TASK DESCRIPTION: Leave out the pictures and reproduce all of the data exactly.

RECORDED DATA:
•••••
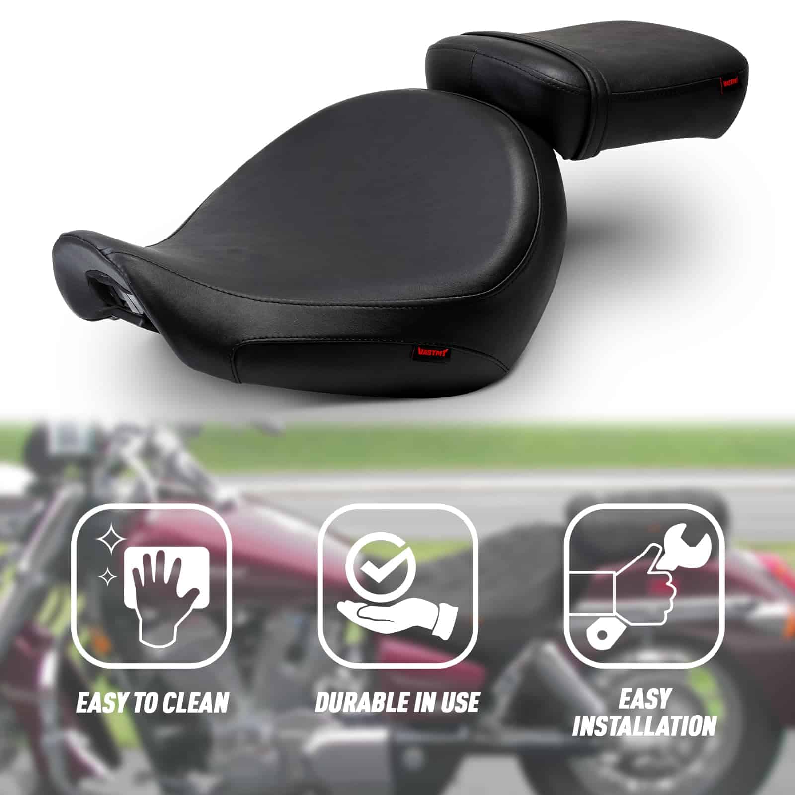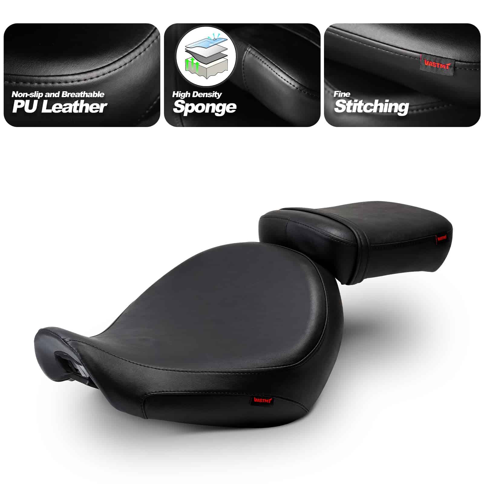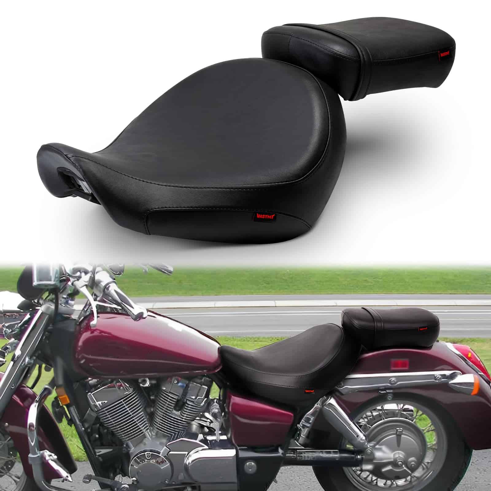 VASTMT presenta el Asiento del Conductor y Pasajero para Motocicleta Negro sin Patrón compatible con Shadow Aero VT750C 2004-2023. Este asiento cuenta con una base de material Nylon de buena resistencia, que proporciona una mayor resistencia a la tracción que el metal y una mayor resistencia al aceite, evitando el envejecimiento prematuro. Además, su excelente mano de obra le otorga una superficie muy suave y una costura muy ajustada, evitando desprendimientos. Para una experiencia cómoda, este asiento ofrece un generoso espacio para el pasajero largo y ancho, con un sistema de suspensión de muelles que mejora un 15% la comodidad durante la conducción. Además, la suspensión interna evita el fondo y proporciona una mejora del 30% en la comodidad y resistencia durante recorridos largos, protegiendo al conductor de las duras condiciones del camino. Su diseño en forma de cuna y la superficie de asiento profunda y con forma de cubo mantienen al operador en posición y proporcionan soporte lumbar para la parte baja de la espalda. Este asiento está diseñado profesionalmente para satisfacer sus necesidades durante la conducción de su motocicleta Shadow Aero VT750C. Disfrute de un viaje cómodo y seguro con el Asiento del Conductor y Pasajero para Motocicleta de VASTMT.
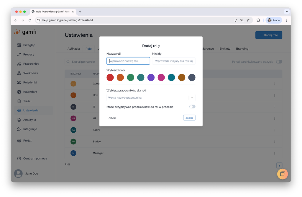 - Color - select the color that will distinguish the Role in the Actions list during Workflow configuration
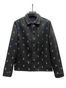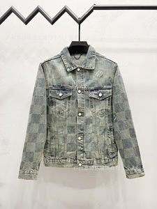 广州驴家L新款棋盘格字母刺绣牛仔外套夹克宽松男女驴家牛仔外套
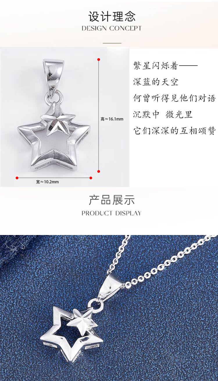 Jibaolou PT950 platinum necklace for women, platinum necklace, hollow star pendant, New Year's Day gift, single pendant, about 1.26 grams
•••••
RESPONSE TO THE EXERCISE:
 VASTMT presenta el Asiento del Conductor y Pasajero para Motocicleta Negro sin Patrón compatible con Shadow Aero VT750C 2004-2023. Este asiento cuenta con una base de material Nylon de buena resistencia, que proporciona una mayor resistencia a la tracción que el metal y una mayor resistencia al aceite, evitando el envejecimiento prematuro. Además, su excelente mano de obra le otorga una superficie muy suave y una costura muy ajustada, evitando desprendimientos. Para una experiencia cómoda, este asiento ofrece un generoso espacio para el pasajero largo y ancho, con un sistema de suspensión de muelles que mejora un 15% la comodidad durante la conducción. Además, la suspensión interna evita el fondo y proporciona una mejora del 30% en la comodidad y resistencia durante recorridos largos, protegiendo al conductor de las duras condiciones del camino. Su diseño en forma de cuna y la superficie de asiento profunda y con forma de cubo mantienen al operador en posición y proporcionan soporte lumbar para la parte baja de la espalda. Este asiento está diseñado profesionalmente para satisfacer sus necesidades durante la conducción de su motocicleta Shadow Aero VT750C. Disfrute de un viaje cómodo y seguro con el Asiento del Conductor y Pasajero para Motocicleta de VASTMT.
 - Color - select the color that will distinguish the Role in the Actions list during Workflow configuration
 广州驴家L新款棋盘格字母刺绣牛仔外套夹克宽松男女驴家牛仔外套
 Jibaolou PT950 platinum necklace for women, platinum necklace, hollow star pendant, New Year's Day gift, single pendant, about 1.26 grams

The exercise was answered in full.